V1,V2,V3,V4,V5,V6,V7,V8,V9,V10,V11,V12,V13,V14
63,1,1,145,233,1,2,150,0,2.3,3,0.0,6.0,0
67,1,4,160,286,0,2,108,1,1.5,2,3.0,3.0,2
67,1,4,120,229,0,2,129,1,2.6,2,2.0,7.0,1
37,1,3,130,250,0,0,187,0,3.5,3,0.0,3.0,0
41,0,2,130,204,0,2,172,0,1.4,1,0.0,3.0,0
56,1,2,120,236,0,0,178,0,0.8,1,0.0,3.0,0
62,0,4,140,268,0,2,160,0,3.6,3,2.0,3.0,3
57,0,4,120,354,0,0,163,1,0.6,1,0.0,3.0,0
63,1,4,130,254,0,2,147,0,1.4,2,1.0,7.0,2
53,1,4,140,203,1,2,155,1,3.1,3,0.0,7.0,1


Uggggllly!

So before we even look at the data, we need to clean it up so we know what we’re looking at. This involves going through the ‘Data Set Description’ that came with the dataset and manually change the values, ie data munging/cleaning.

So let’s start with what our variables are. According to the data set description, we have 14 variables:

Age
Sex/Gender
Chest pain
Chest pain has four different values: typical angina, atypical angina, non-anginal pain, and asymptomatic.

Resting Blood Pressure
Cholesterol
Fasting Blood Sugar > 120 mg/dl
This is T/F

Resting Electrocardiographic Results
Three different values: Normal, ST-T Wave Abnormality, Probable or definite left ventricular hypertrohpy by Estes’ criteria

Maximum Heart Rate Achieved
Exercise Induced Angina
This is T/F

ST depression induced by exercise relative to rest
Slope of the Peak Exercise Segment
Number of Major Vessels (0-3) colored by flourosopy
Thal
Three different values: normal, fixed defect, and reversable defect.

Diagnosis
At this point we need to make a call as to what data to include.

To provide some context, the full data set has 76 variables. Most studies use the set of 14 variables listed above but that mean 62 variables were cut out.

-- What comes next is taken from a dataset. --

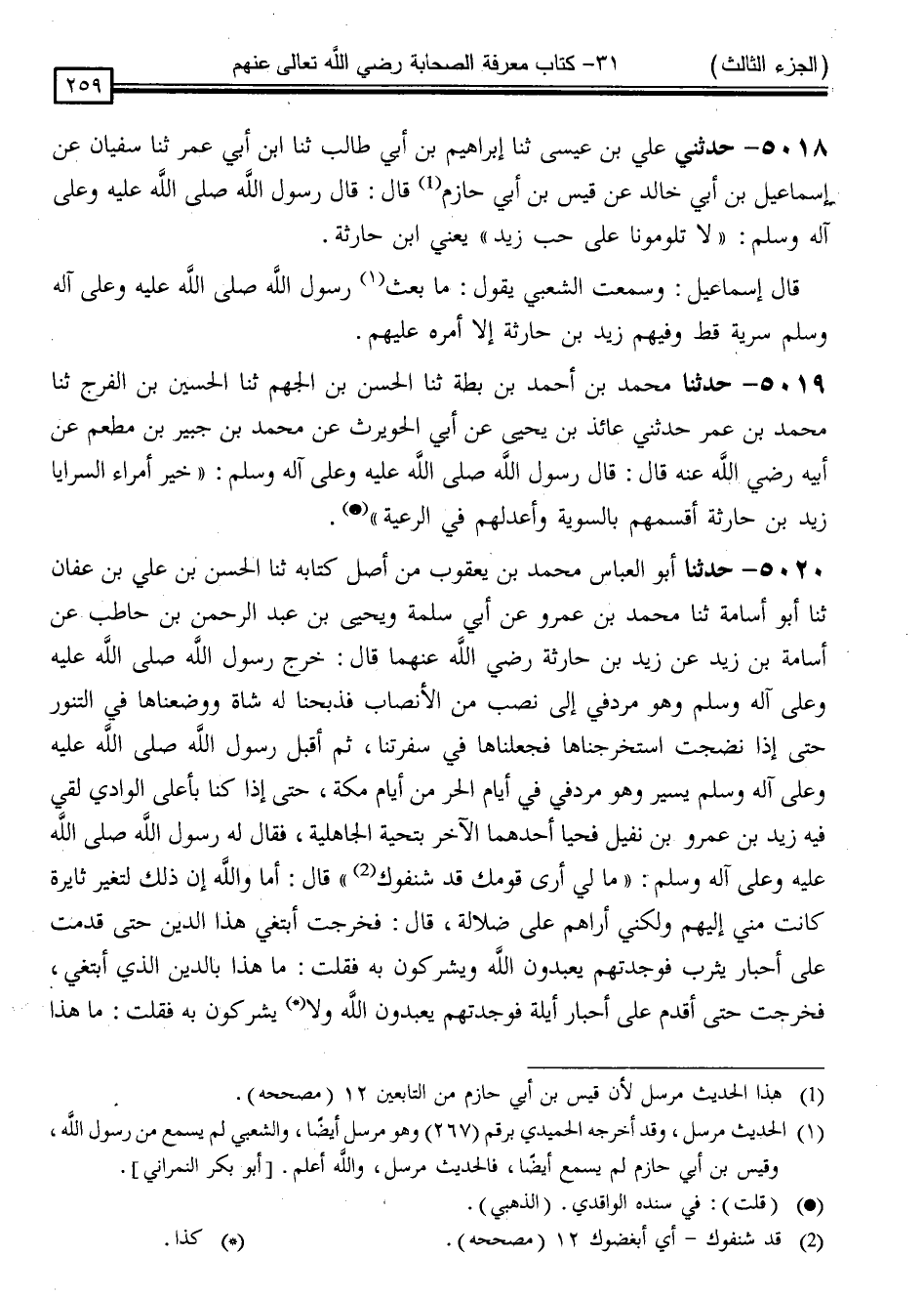 5020 - حَدَّثَنَا أَبُو الْعَبَّاسِ مُحَمَّدُ بْنُ يَعْقُوبَ مِنْ أَصْلِ كِتَابِهِ ، ثنا الْحَسَنُ بْنُ عَلِيِّ بْنِ عَفَّانَ ، ثنا أَبُو أُسَامَةَ ، ثنا مُحَمَّدُ بْنُ عَمْرِو ، عَنْ أَبِي سَلَمَةَ ، وَيَحْيَى بْنِ عَبْدِ الرَّحْمَنِ بْنِ حَاطِبٍ ، عَنْ أُسَامَةَ بْنِ زَيْدٍ ، عَنْ زَيْدِ بْنِ حَارِثَةَ رَضِيَ اللَّهُ عَنْهُمَا قَالَ: خَرَجَ رَسُولُ اللَّهِ صَلَّى اللَّهُ عَلَيْهِ وَسَلَّمَ وَهُوَ مُرْدِفِي إِلَى نُصُبٍ مِنَ الْأَنْصَابِ ، فَذَبَحْنَا لَهُ شَاةً وَوَضَعْنَاهَا فِي التَّنُّورِ ، حَتَّى إِذَا نَضِجَتِ اسْتَخْرَجْنَاهَا فَجَعَلْنَاهَا فِي سُفْرَتِنَا ، ثُمَّ أَقْبَلَ رَسُولُ اللَّهِ صَلَّى اللَّهُ عَلَيْهِ وَسَلَّمَ يَسِيرُ وَهُوَ مُرْدِفِي فِي أَيَّامِ الْحَرِّ مِنْ أَيَّامِ مَكَّةَ ، حَتَّى إِذَا كُنَّا بِأَعْلَى الْوَادِي لَقِيَ فِيهِ زَيْدَ بْنَ عَمْرِو بْنِ نُفَيْلٍ ، فَحَيَّا أَحَدُهُمَا الْآخَرَ بِتَحِيَّةِ الْجَاهِلِيَّةِ ، فَقَالَ لَهُ رَسُولُ اللَّهِ صَلَّى اللَّهُ عَلَيْهِ وَسَلَّمَ: " مَا لِي أَرَى قَوْمَكَ قَدْ شَنَفُوكَ ؟ " قَالَ: أَمَا وَاللَّهِ إِنَّ ذَلِكَ لِتَغَيُّرِ ثَائِرَةٍ كَانَتْ مِنِّي إِلَيْهِمْ ، وَلَكِنِّي أَرَاهُمْ عَلَى ضَلَالَةٍ ، قَالَ: فَخَرَجْتُ أَبْتَغِي هَذَا الدِّينَ حَتَّى قَدِمْتُ عَلَى أَحْبَارِ يَثْرِبَ فَوَجَدْتُهُمْ يَعْبُدُونَ اللَّهَ وَيُشْرِكُونَ بِهِ ، فَقُلْتُ: مَا هَذَا بِالدِّينِ الَّذِي أَبْتَغِي ، فَخَرَجْتُ حَتَّى أَقْدَمَ عَلَى أَحْبَارِ أَيْلَةَ فَوَجَدْتُهُمْ يَعْبُدُونَ اللَّهَ وَيُشْرِكُونَ بِهِ ، فَقُلْتُ: مَا هَذَا -[260]- بِالدِّينِ الَّذِي أَبْتَغِي ، فَقَالَ لِي حَبْرٌ مِنْ أَحْبَارِ الشَّامِ: إِنَّكَ تَسْأَلُ عَنْ دِينٍ مَا نَعْلَمُ أَحَدًا يَعْبُدُ اللَّهَ بِهِ إِلَّا شَيْخًا بِالْجَزِيرَةِ ، فَخَرَجْتُ حَتَّى قَدِمْتُ إِلَيْهِ ، فَأَخْبَرْتُهُ الَّذِي خَرَجْتُ لَهُ ، فَقَالَ: إِنَّ كُلَّ مَنْ رَأَيْتَهُ فِي ضَلَالَةٍ إِنَّكَ تَسْأَلُ عَنْ دِينٍ هُوَ دِينُ اللَّهِ ، وَدِينُ مَلَائِكَتِهِ ، وَقَدْ خَرَجَ فِي أَرْضِكَ نَبِيٌّ أَوْ هُوَ خَارِجٌ ، يَدْعُو إِلَيْهِ ، ارْجِعْ إِلَيْهِ وَصَدِّقْهُ وَاتَّبِعْهُ ، وَآمِنَ بِمَا جَاءَ بِهِ ، فَرَجَعْتُ فَلَمْ أُحْسِنْ شَيْئًا بَعْدُ ، فَأَنَاخَ رَسُولُ اللَّهِ صَلَّى اللَّهُ عَلَيْهِ وَسَلَّمَ الْبَعِيرَ الَّذِي كَانَ تَحْتَهُ ، ثُمَّ قَدَّمْنَا إِلَيْهِ السُّفْرَةَ الَّتِي كَانَ فِيهَا الشِّوَاءُ ، فَقَالَ: مَا هَذِهِ ؟ فَقُلْنَا: " هَذِهِ شَاةٌ ذَبَحْنَاهَا لِنُصُبِ كَذَا وَكَذَا " ، فَقَالَ: إِنِّي لَا آكُلَ مَا ذُبِحَ لِغَيْرِ اللَّهِ ، وَكَانَ صَنَمًا مِنْ نُحَاسٍ يُقَالُ لَهُ: إِسَافُ وَنَائِلَةُ يَتَمَسَّحُ بِهِ الْمُشْرِكُونَ إِذَا طَافُوا ، فَطَافَ رَسُولُ اللَّهِ صَلَّى اللَّهُ عَلَيْهِ وَسَلَّمَ وَطُفْتُ مَعَهُ ، فَلَمَّا مَرَرْتُ مَسَحْتُ بِهِ ، فَقَالَ رَسُولُ اللَّهِ صَلَّى اللَّهُ عَلَيْهِ وَسَلَّمَ: لَا تَمَسَّهُ ، قَالَ زَيْدٌ: فَطُفْنَا ، فَقُلْتُ فِي نَفْسِي: لَأَمَسَّنَّهُ حَتَّى أَنْظُرَ مَا يَقُولُ ، فَمَسَحْتُهُ ، فَقَالَ رَسُولُ اللَّهِ صَلَّى اللَّهُ عَلَيْهِ وَسَلَّمَ: " أَلَمْ تُنْهَ ؟ " قَالَ زَيْدٌ: فَوَالَّذِي أَكْرَمَهُ وَأَنْزَلَ عَلَيْهِ الْكِتَابَ مَا اسْتَلَمْتُ صَنَمًا حَتَّى أَكْرَمَهُ اللَّهُ بِالَّذِي أَكْرَمَهُ ، وَأَنْزَلَ عَلَيْهِ الْكِتَابَ ، وَمَاتَ زَيْدُ بْنُ عَمْرِو بْنِ نُفَيْلٍ قَبْلَ أَنْ يُبْعَثَ ، فَقَالَ رَسُولُ اللَّهِ صَلَّى اللَّهُ عَلَيْهِ وَسَلَّمَ: " يَأْتِي يَوْمَ الْقِيَامَةِ أُمَّةً وَحْدَهُ "

Discussion: Should we use all the variables? Only some? If so, which ones?
.
.
.
.
.
.
.
.
.

So when I did this, I decided to cut out ST deperession induced by exercise, Slope of Peak, Number of Major Vessels colored, and Thal. This was done because I just didn’t know what these were and I’m uncomfortable including any data that I don’t understand.

Cleaning code:

In [3]:
colnames(heartAttack_raw)<-c("Age", "Sex", "Chest_Pain_Type", 
                         "Resting _Blood_Pressure", "Cholesterol",
                         "Fasting_Blood_Sugar120", 
                         "Resting_Electrocardiographic_Results",
                         "Maximum_Heart_Rate", "Exercise_Induced_Angina",
                         "oldpeak", "slope", "N_Heart_Vessels_Flourosopy", "thal", 
                         "Diagnosis")

#Cut
heartAttack<-heartAttack_raw[,c(1:9,14)]

#Base Cleaning
heartAttack$Sex<-factor(heartAttack$Sex, levels=c(0,1), labels=c("Female", "Male"))
heartAttack$Chest_Pain_Type<-factor(heartAttack$Chest_Pain_Type,
                                    levels=c(1,2,3,4), 
                                    labels=c("Typical_Angina", "Atypical_Angina", 
                                             "Non-anginal_Pain", "Asymptomatic"))
heartAttack$Resting_Electrocardiographic_Results<-factor(heartAttack$Resting_Electrocardiographic_Results,
                                                         levels=c(0,1,2),
                                                         labels=c("Normal", "ST-T_Wave_Abnormality", 
                                                                  "Probable_Hypertrophy"))

heartAttack$Fasting_Blood_Sugar120<-as.logical(heartAttack$Fasting_Blood_Sugar120)
heartAttack$Exercise_Induced_Angina<-as.logical(heartAttack$Exercise_Induced_Angina)
heartAttack$Diagnosis<-heartAttack$Diagnosis>0

You can use lasso regression to determine relevant problems. Similar to regularization minmizes absolute value.